Anglo American forex broker FXCM has launched a new service designed to make CFD trading more efficient and cost-effective for brokers.

The new B2B service known as CFD Prime is part of the company’s FXCM Pro Initiative.

What does the new service offer?

CFD Prime will use FXCM’s balance sheet and infrastructure, some of which has been provided by asset manager Integral, to create what it describes as a central clearing function, that will reduce counterparty risk between price makers and price takers in  CFD trading.

CFDs are traded OTC or off-exchange, an environment in which good credit lines and low credit risks are crucial.

Few margin trading brokers make their own CFD prices, however, relying instead on external liquidity provision.

But to access these pools of liquidity, the broker needs to have a line of credit with the liquidity provider or have the ability to place a substantial initial margin on account.

Something that many lightly capitalised brokers are unable or reluctant to do.

Using CFD Prime FXCM hopes to remove these credit barriers, and introduce the netting and margining benefits that FX market participants enjoy, when trading via a centralised clearing service, such as CLS Bank.
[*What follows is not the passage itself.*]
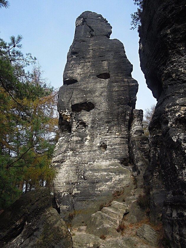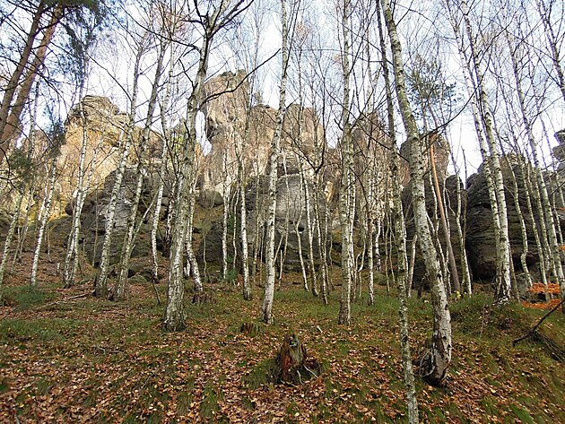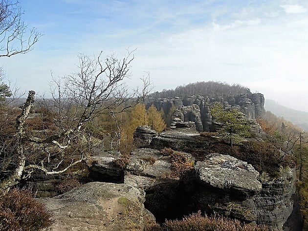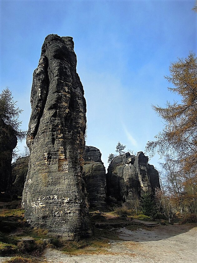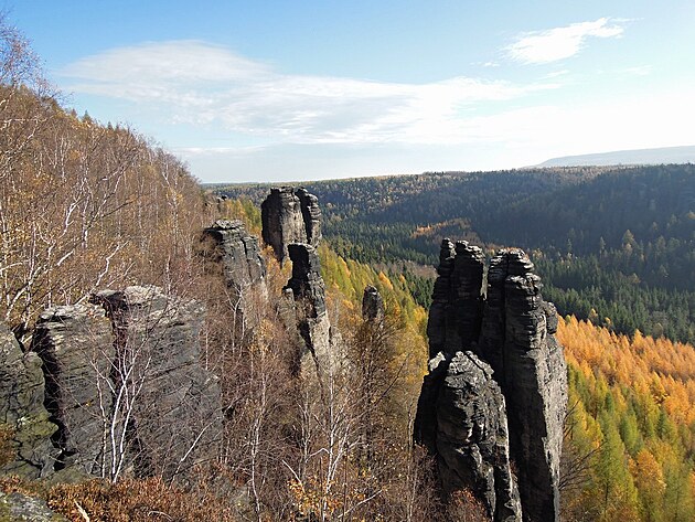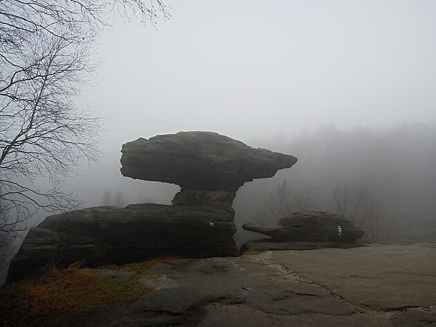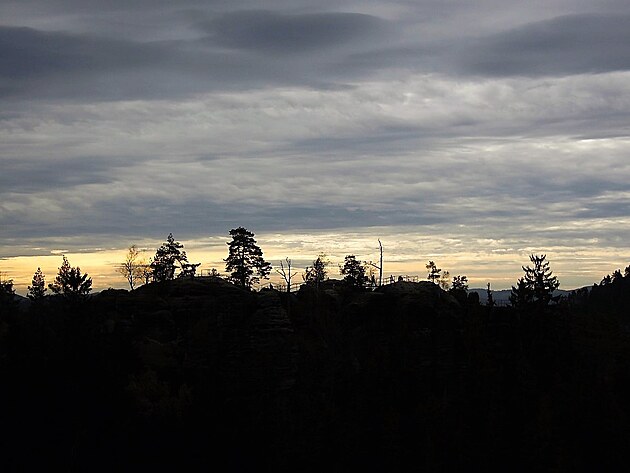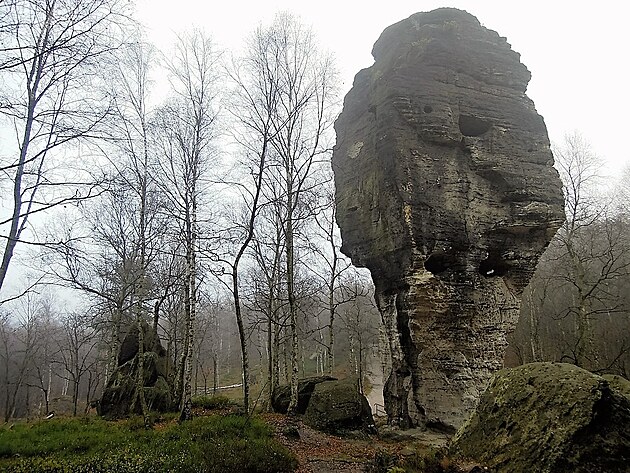 Ráno je oproti očekávání poměrně chladné a co hůř, je mlha. Doufáme, že se počasí umoudří, abychom si mohli užít budoucích výhledů a vydáváme se směrem do Tiských stěn. Nejprve procházíme Ostrovské skály alias Volské kameny, což je miniaturní skalní městečko, tvořené nízkými pískovcovými skalami. Cestu si zpestřujeme hledáním skal, pojmenovaných jako Obr, Císař, Orel nebo Popravčí kámen.

What are the benefits of centralised clearing?

In a centrally cleared system, the counterparty risks inherent in OTC trading are borne by the central counterparty.

On futures exchange, this is usually a clearinghouse which is often but not always owned by the clearing members of the exchange.
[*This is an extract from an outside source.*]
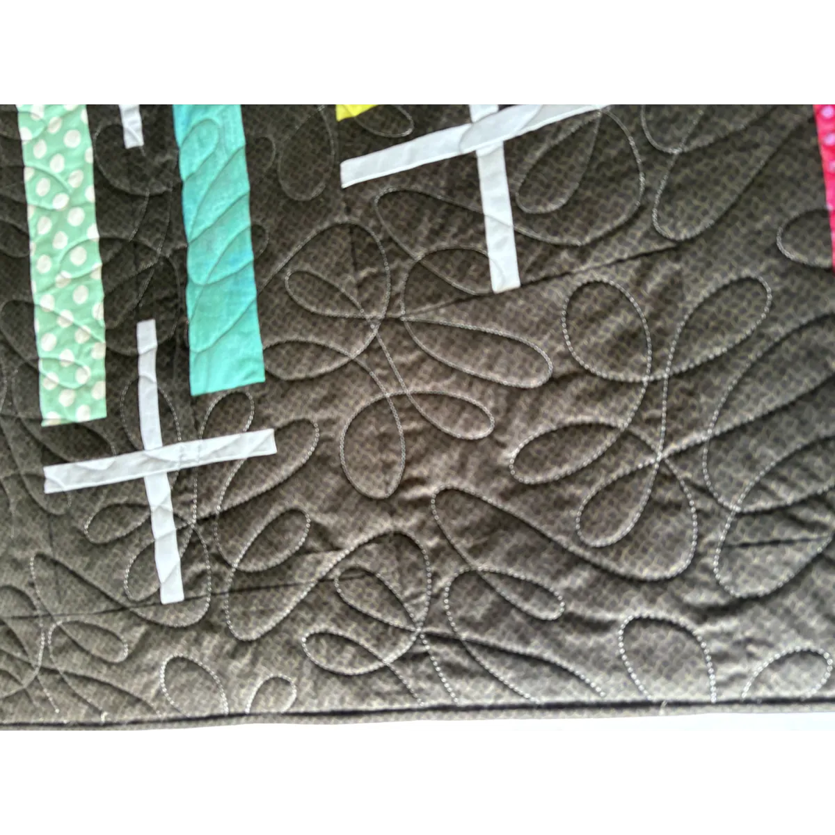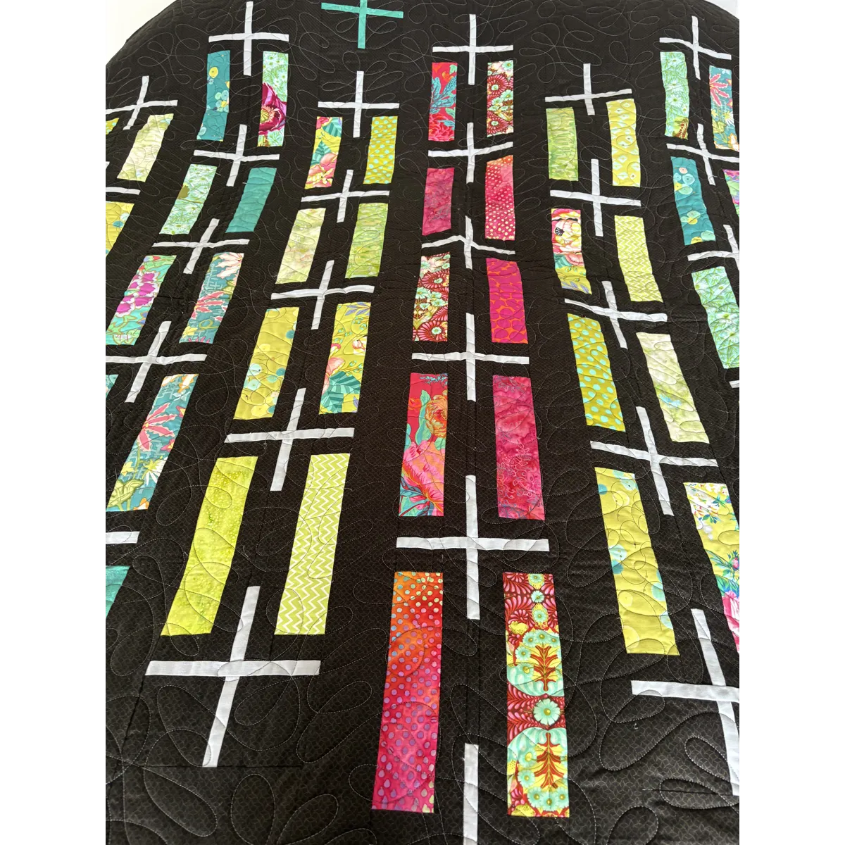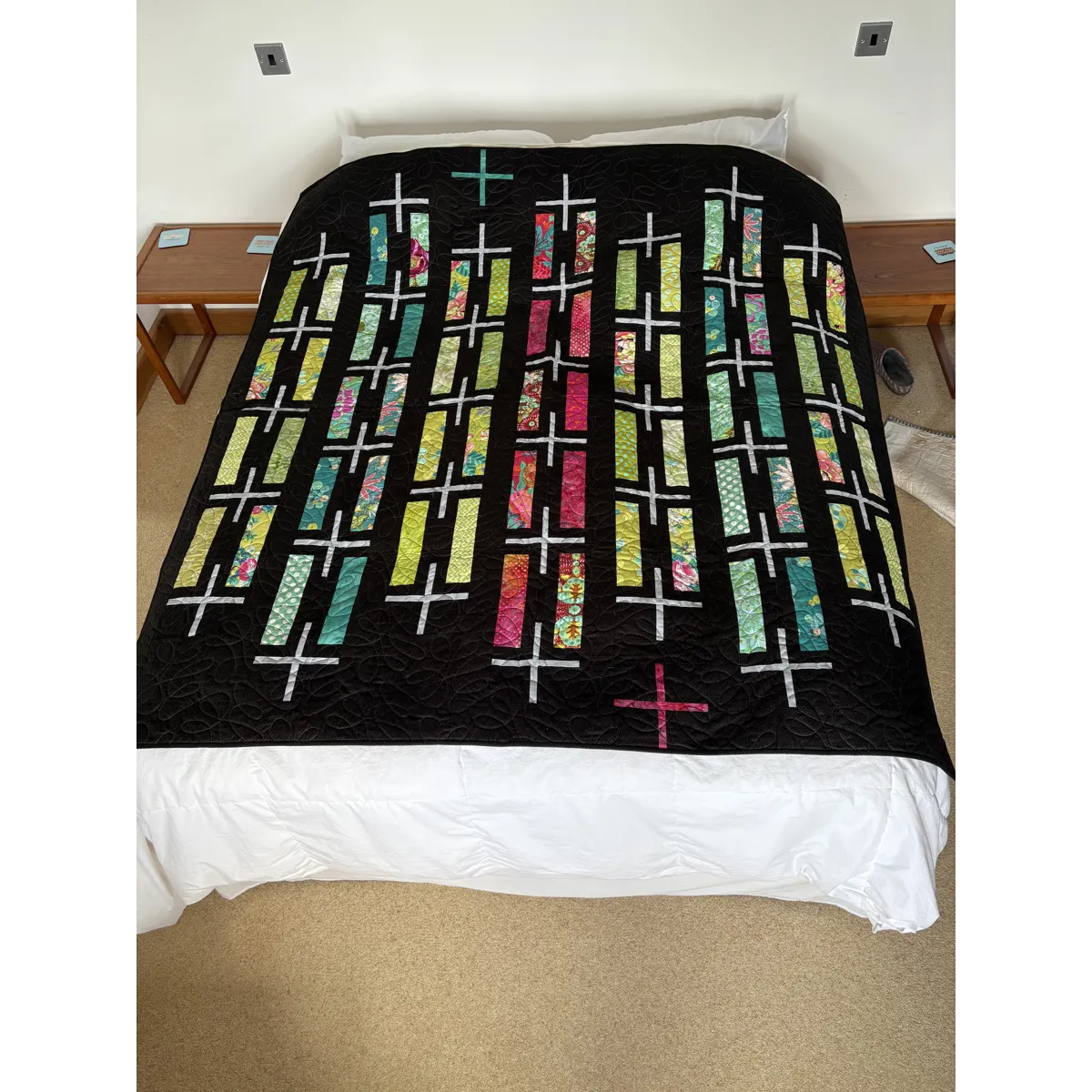 This is a group project called 'Tight Rope'. It features shining bright fabrics and crosses against a black background which gives a stained glass window effect. It is machine quilted with an all over loopy design and is filled with a polyester wadding which can be gently washed and air dried. The quilt measures 66" by 66" and sits nicely on top of a double/kingsize bed or could be displayed as a wall hanging.

As such the central counterparty spreads the risk among all of its users.

At a wholesale level, the central clearing of OTC derivatives has become ever more popular since the 2008 Global Financial Crisis of 2008, which saw the collapse of Lehman Brothers.
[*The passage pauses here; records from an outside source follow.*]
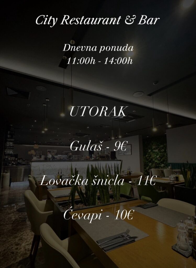 City restoran & bar, Hrvatskog crvenog križa 45, kontakt 020 301 800, ne vrše dostavu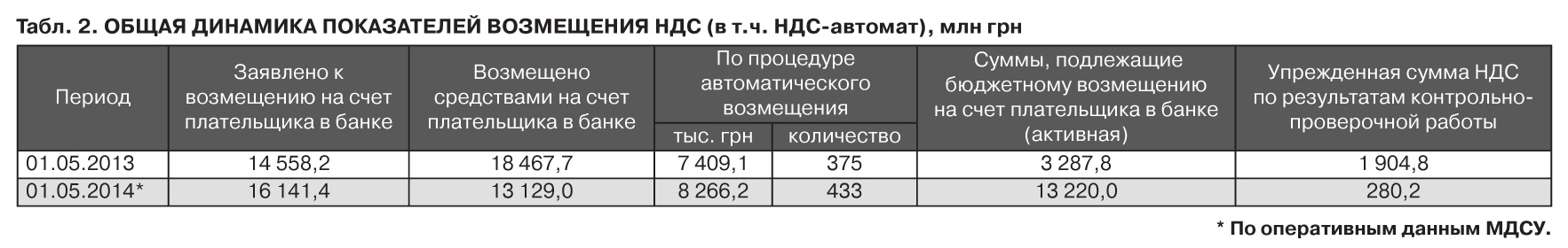 Поэтому и напоминают в очередной раз эксперты о необходимости более активно браться за ликвидацию теневых схем, налоговых ям, качественно усилить борьбу с налоговыми минимизаторами. "Они, может, что-то и делают, но по доходам бюджета этого не видно. Я понимаю, что два месяца всего новое руководство, но ликвидация схем сразу отражается на бюджете, - категоричен Дмитрий Боярчук. - Вспомните, когда в 2005 г. закрыли СЭЗы, бюджет начал сразу же достаточно активно наполняться". Хотя ряд собеседников ZN.UA все же отмечают, что порядок с возмещением НДС хоть какой-никакой, но наведен. По оперативным данным Миндоходов (см. табл.2), на 1 мая 2014 г. заявка на возмещение составляла 16,14 млрд грн, а сам возврат - 13,13 млрд, тогда как годом ранее возмещение налога превышало заявку почти на 4 млрд грн.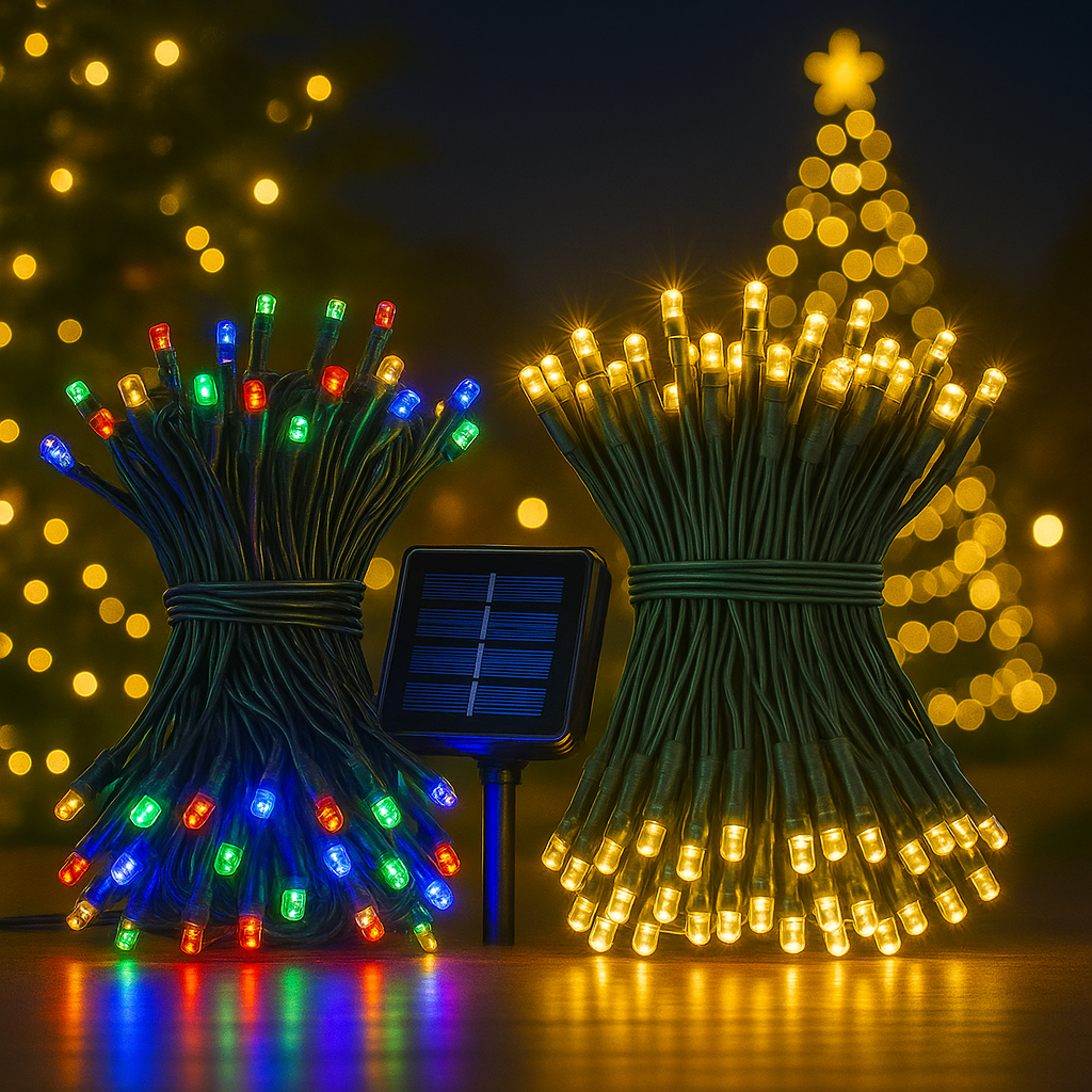 2X1 Luces Navideñas Solares 17 m – Ilumina tu hogar con energía solar y sin enchufes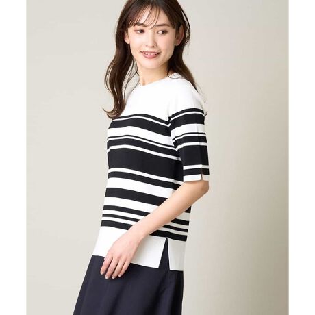 ◆ボートネックパフスリーブサマーニット:K2FGV69039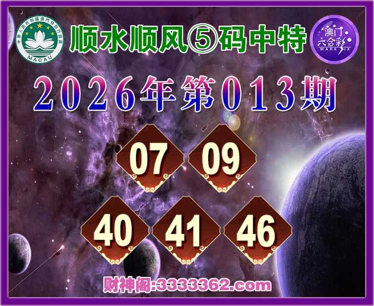 013期:《顺水顺风》 🥽⑤码中特🥽【07.09.40.41.46】开:00准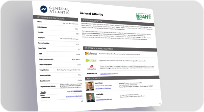 General Atlantic KEY CORPORATE FACTS /KPIS INVESTORDESCRIPTION KEY CORPORATE FACTS / KPIS INVESTOR DESCRIPTION Offices New York, Munich,London General Atlantic is a leading global growth equity firm providing capital and strategic support for growth companies. Established in 1980, General Atlantic combines a collaborative global approach, sector-specific expertise, long-term investment horizon, and a deep understanding of growth driverstopartnerwith greatmanagementandbuildexceptionalbusinessesworldwide. ActiveMarkets Global Theirthreemaindifferentiatorsare(i)theexclusivefocusongrowthinvesting,(ii)apatientcapitalbaseand(iii)aglobal,collaborativeteamcon- Founded 1980 sistingof investmentprofessionals,ourResourcesGroupandaSpecialAdvisorsnetworkofcurrentandformerseniorexecutives. While most of our investments are minorities, General Atlantic is an active investor who steadily add value by leveraging our global resources, helpingourcompanieswith growthacceleration,performanceimprovement,globalaccess,humancapitalandcapitalmarketstopics. Employees 100-1,000(ofwhich30inEurope) Current FundSize $10bn SELECTED PORTFOLIOCOMPANIES Use ofDebt No SELECTED PORTFOLIO COMPANIES AUM $20bn 2BLeadGenerationplatform.Thewaytobuyandsellcomplexproductsandservices Target InvestmentSize $25m -$500m Longdistancemobilityoperatorthatconnectscitiesandtownsthroughout20Europeancountries TargetGeographies Global (ThroughtheacquisitionofYemeksepetibyDeliveryHeroinMay2015)Globalnetworkofonlineandfoodordering platforms,offeringthemostconvenientandreliablewaytoorderfoodfromthousandsofrestaurantsworldwide TargetSectors Technology, Technology-enabledservices InvestmentStyle Active FULLPORTFOLIO www.generalatlantic.com/portfolio KEYCONTACTS DealStructures Flexible KEY CONTACTS Marketposition,management,market JoernNikolay • ManagingDirectoratGeneralAtlanticsince2008. KeyInvestmentCriteria dynamics, competitiveadvantage with Managing Director, Head ofDACH • Previously, Associate at TAAssociates intellectualproperty,barrierstoentry • Companies: Axel Springer, FlixBus, Klarna, Käuferportal, ControlExpert [email protected] Website www.generalatlantic.com/ Contact Phone ChrisCaulkin ContactEmail [email protected] • PrincipalatGeneralAtlanticsince2011 Principal • Companies:DeliveryHero,Hemnet,StudioModerna N/A [email protected] 49

In some cases, centralised clearing of derivatives and swaps contracts is now mandatory, even if the contracts are traded or originated in the OTC markets.

What’s happening in prime brokerage markets right now?

Large banks have been reducing the number of prime brokerage clients that they service and they are only interested in the top end of the market.

However, the collapse this year of Archegos, a multi-billion dollar family office, created massive losses for the industry and caused many banks to tighten their criteria further, and led to the withdrawal of Credit Suisse from the prime brokerage business entirely.

Prime brokerage services from larger brokers and so-called prime of prime providers are likely to become even more sought after against this kind of background.

This is doubtless why FXCM has chosen this moment to launch its own CFD Prime service.